Bu düzenin bir sonucu olarak, Türkiye tarım/hayvancılık dış ticaretinde net ithalatçı, gıda ürünleri/içecekler dış ticaretinde ise net ihracatçı konumdadır. Bu iki farklı sektör verileri birlikte değerlendirildiğinde, aşağıda da gösterildiği üzere, Türkiye’nin tarım ve hayvancılıkta net ithalatçı konumu perdelenmektedir.
Türkiye’de tarım ve gıda sorununun anlaşılması açısından bu ayrımın net biçimde ortaya konulması büyük önem taşımaktadır. Bu amacı karşılayabilmek için Uluslararası Standart Sanayi Sınıflaması (SITC, 3 Rev) verilerinden yararlanmak gerekmektedir;
Tablo 1: Uluslararası Standart Sanayi Sınıflaması (ISIC, Rev 3), Tarım/Gıda Dış Ticareti
İHRACAT (Bin ABD Doları)
İTHALAT (Bin ABD Doları)
NET FARK (Bin ABD Doları)
Tarım ve Hayvancılık
Gıda Ürünleri ve İçecekler
Tarım ve Hayvancılık
Gıda Ürünleri ve İçecekler
Tarım ve Hayvancılık
Gıda Ürünleri ve İçecekler
2017
5.260.594.765
10.678.200.178
8.895.339.816
4.908.392.270
-3.634.745.051
5.769.807.908
2018
5.522.502.903
11.156.030.672
9.195.136.789
4.620.441.993
– 3.672.633.886
6.535.588.679
2019
5.479.346.078
11.424.888.873
9.388.074.745
4.440.024.997
– 3.908.728.667
6.984.863.876
Kaynak: TÜİK
Tablodan da görüldüğü üzere, 2019 yılında tarım ve hayvancılık dış ticaretinde yaklaşık 4 milyar dolar açık, gıda ürünleri ve içecekler dış ticaretinde ise yine yaklaşık 7 milyar dolar fazla verildiği görülmektedir. Bu iki sektörün birlikte değerlendirilmesi durumunda toplamda 3 milyar dolar düzeyinde bir dış ticaret fazlalığı görülmektedir ki, bu da yukarıda verilen teorik çerçeveye uygun bir eğilimdir.
Türkiye’nin, gıda ve yem sanayiinin ihtiyaç duyduğu hammadde üretiminde ithalata bağımlı ülke konumu, Tarım ve Orman Bakanlığı’nın yayımladığı ve aşağıya alınan kendine yeterlilik oranları üzerinden net bir biçimde açığa çıkmaktadır.
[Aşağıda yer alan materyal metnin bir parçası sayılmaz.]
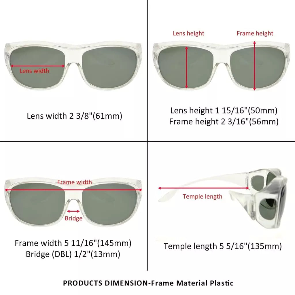 • Frame width: 5.71 inches (145mm), Lens width: 2.40 inches (61mm), Lens height: 1.97 inches (50mm), Bridge (DBL): 0.51 inches (13mm), Temple length: 5.31 inches (135mm).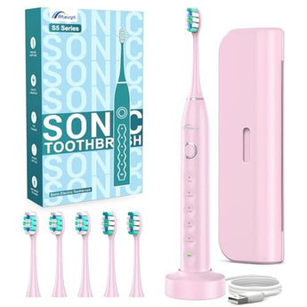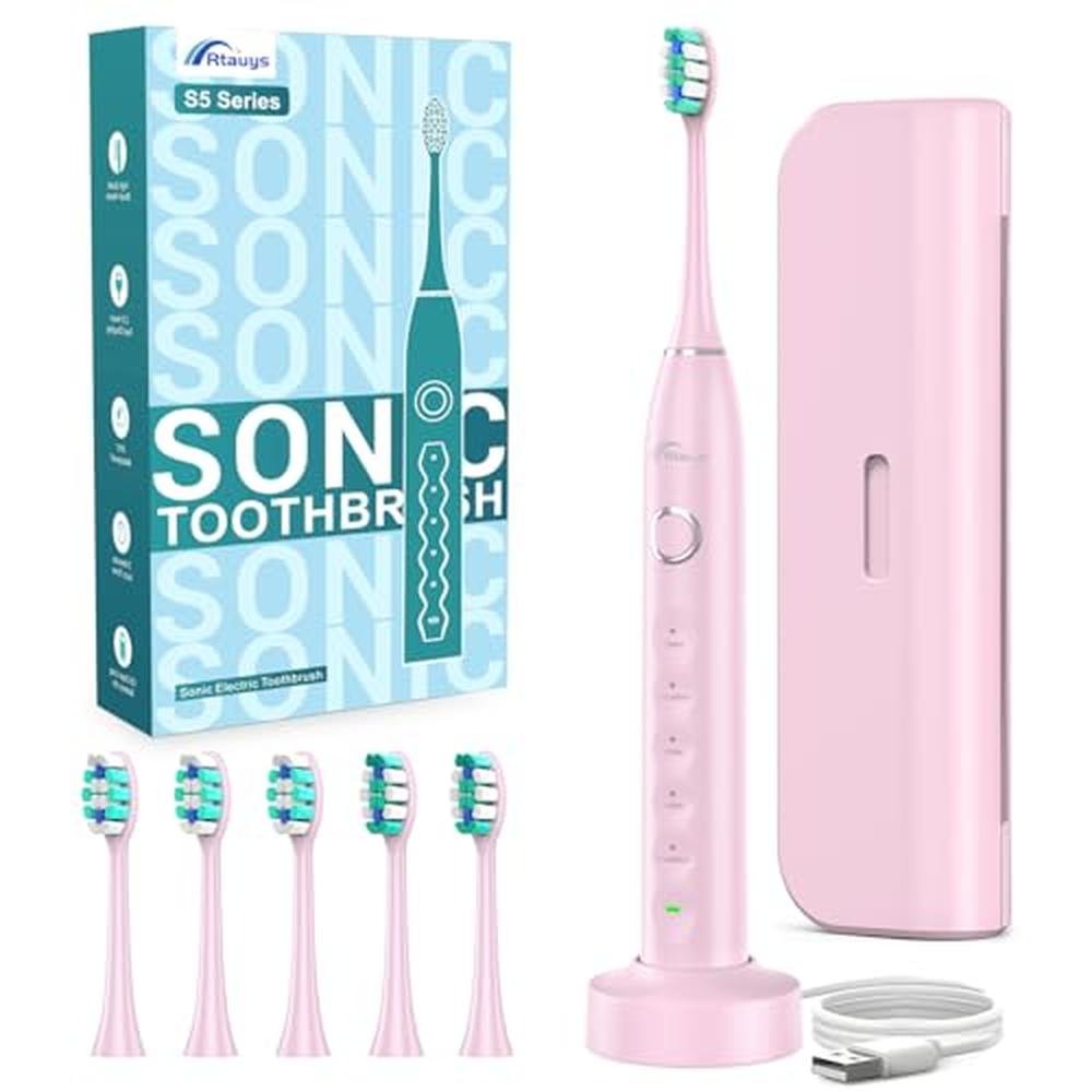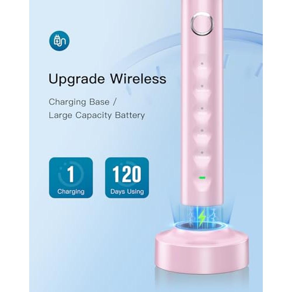 Rtauys Electric Toothbrush for Adults and Kids, Wireless Rechargeable Toothbrush One Charge for 120 Days, 5 Modes with Built-in Smart Timer 5 Brush Heads Pink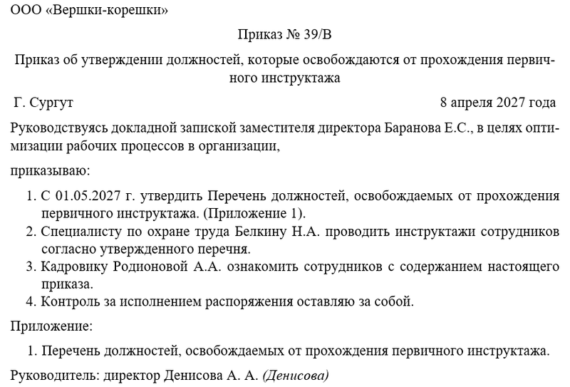 Следующим шагом руководитель объявляет об утверждении должностей, которые освобождаются от прохождения первичного инструктажа, а также назначает человека, который будет осуществлять контроль. Чаще всего контроль за исполнением распоряжения директор оставляет за собой.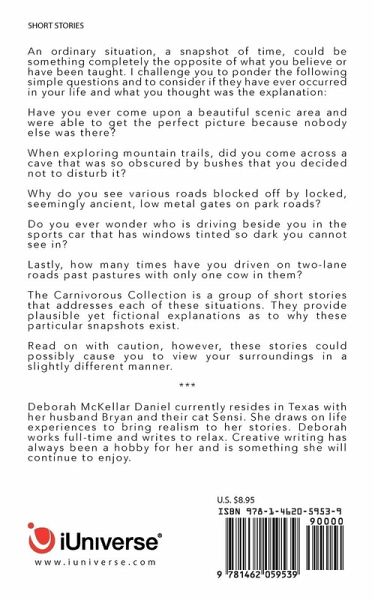 An ordinary situation, a snapshot of time, could be something completely the opposite of what you believe or have been taught. I challenge you to ponder the following simple questions and to consider if they have ever occurred in your life and what you thought was the explanation: Have you ever come upon a beautiful scenic area and were able to get the perfect picture because nobody else was there? When exploring mountain trails, did you come across a cave that was so obscured by bushes that you decided not to disturb it? Why do you see various roads blocked off by locked, seemingly ancient, low metal gates on park roads? Do you ever wonder who is driving beside you in the sports car that has windows tinted so dark you cannot see in? Lastly, how many times have you driven on two-lane roads past pastures with only one cow in them? The Carnivorous Collection is a group of short stories that addresses each of these situations. They provide plausible yet fictional explanations as to why these particular snapshots exist. Read on with caution, however, these stories could possibly cause you to view your surroundings in a slightly different manner.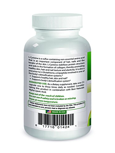 L-Cysteine is a sulfur-containing amino acid that helps synthesize keratin, a protein found in skin, hair and nails. It is also a precursor to L-Glutathione, a tripeptide involved in one of the body's detoxification systems. This product provides Free Form L-Cysteine to promote optimal absorption and assimilation.

Buna göre, Türkiye’nin kendine yeterlilik oranları, bazı temel ürünler açısından şöyledir; Arpa % 89, Çeltik % 70, Mısır % 88, Kuru fasulye % 82, Kırmızı mercimek % 77, Nohut % 92, Ayçiçeği % 80, Kanola % 27, Pamuk % 50, soya % 6…
Yukarıda verilen kendine yeterlilik oranları, Uzak Asya, Rusya ve çevresi ile başlayıp AB ve Amerika’ya yayılması olası görülen ihracat kısıtlamalarının Türkiye’de hangi sektörleri ne düzeyde etkileyeceğine ilişkin bazı öngörüler yapılmasını olanaklı kılmaktadır.